= Exercise requirements =
Transcribe the whole listing exactly; the images stay out.

= Information shown =
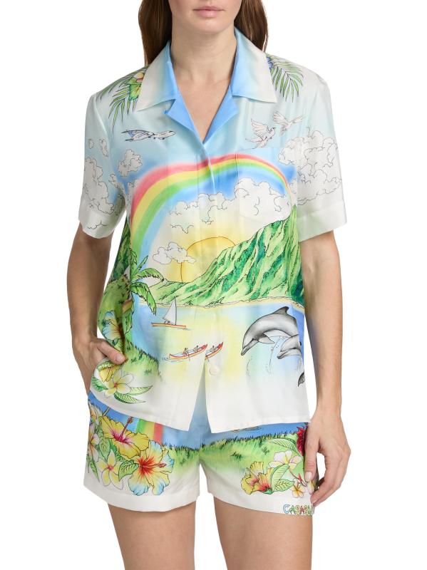 قميص مخيم من الحرير بطبعة Aloha
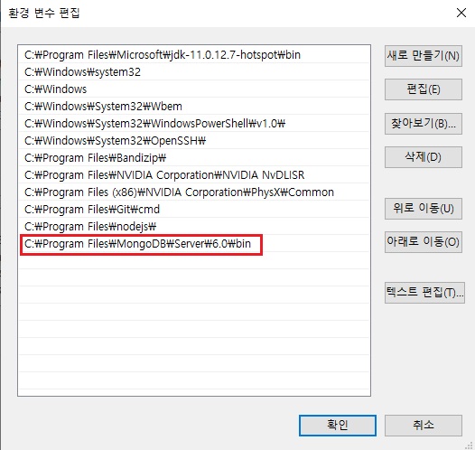 사진처럼 bin 폴더 세팅해놓고 확인 눌러서 다 끄면 이제 cmd에서 mongod만 입력해도 몽고디비 서버가 실행된다.
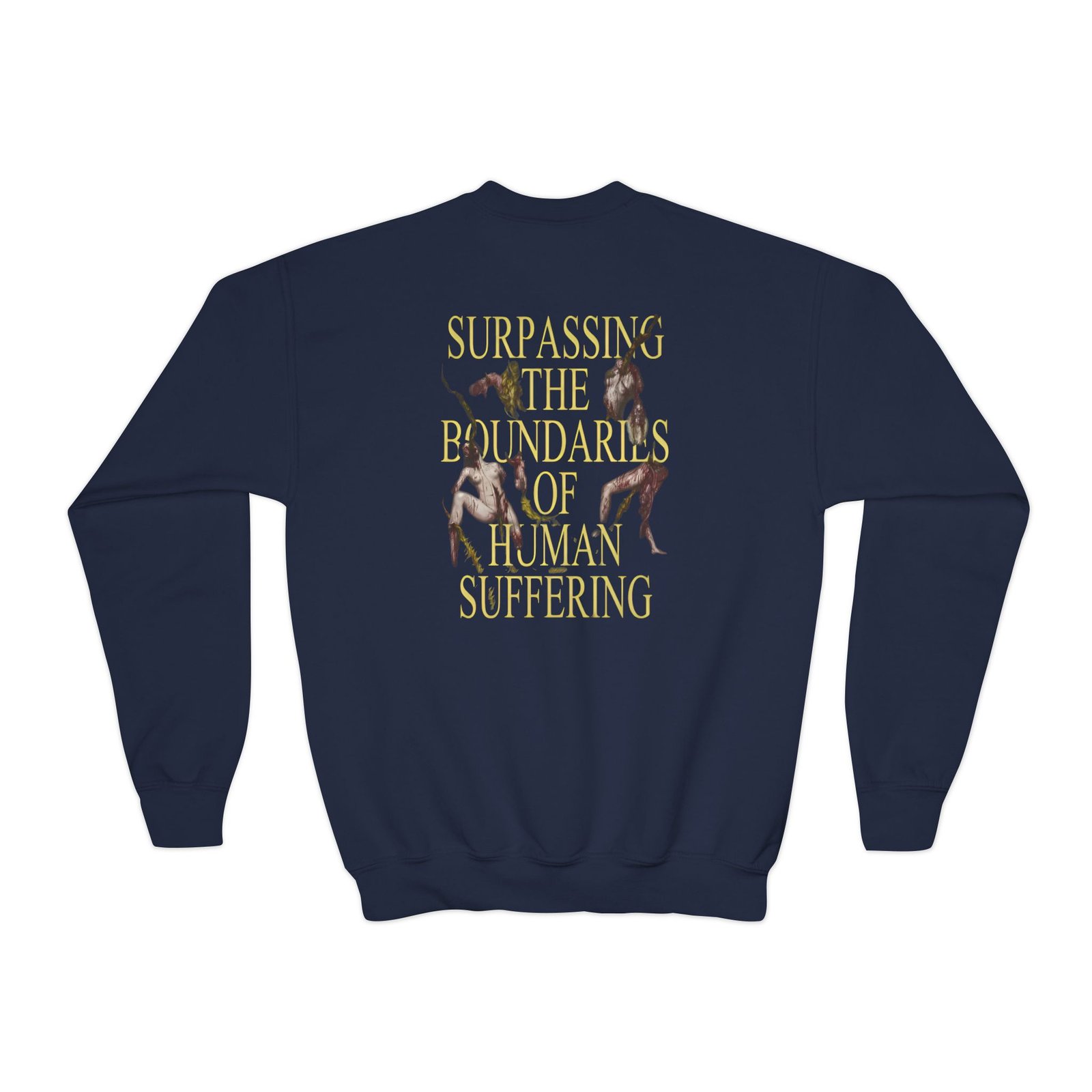 This loose-fit youth Ingested Surpassing the Boundaries crewneck brings moody, occult-inspired style to everyday wear. A storm-lit silhouette and grainy, moonlit scene sit beneath hand-lettered gothic text in bruised purple — a look that reads like a midnight zine spread. The sweatshirt’s medium-heavy knit feels substantial without weighing down small frames, and the ribbed collar and cuffs hold their shape through play and repeat washes. Let this crew be the quiet centerpiece of a darker wardrobe: layered over band tees, hoodies, or under a denim jacket for a city-night vibe that leans mysterious and made-for-exploring.

= Result for this task =
 قميص مخيم من الحرير بطبعة Aloha
 사진처럼 bin 폴더 세팅해놓고 확인 눌러서 다 끄면 이제 cmd에서 mongod만 입력해도 몽고디비 서버가 실행된다.
 This loose-fit youth Ingested Surpassing the Boundaries crewneck brings moody, occult-inspired style to everyday wear. A storm-lit silhouette and grainy, moonlit scene sit beneath hand-lettered gothic text in bruised purple — a look that reads like a midnight zine spread. The sweatshirt’s medium-heavy knit feels substantial without weighing down small frames, and the ribbed collar and cuffs hold their shape through play and repeat washes. Let this crew be the quiet centerpiece of a darker wardrobe: layered over band tees, hoodies, or under a denim jacket for a city-night vibe that leans mysterious and made-for-exploring.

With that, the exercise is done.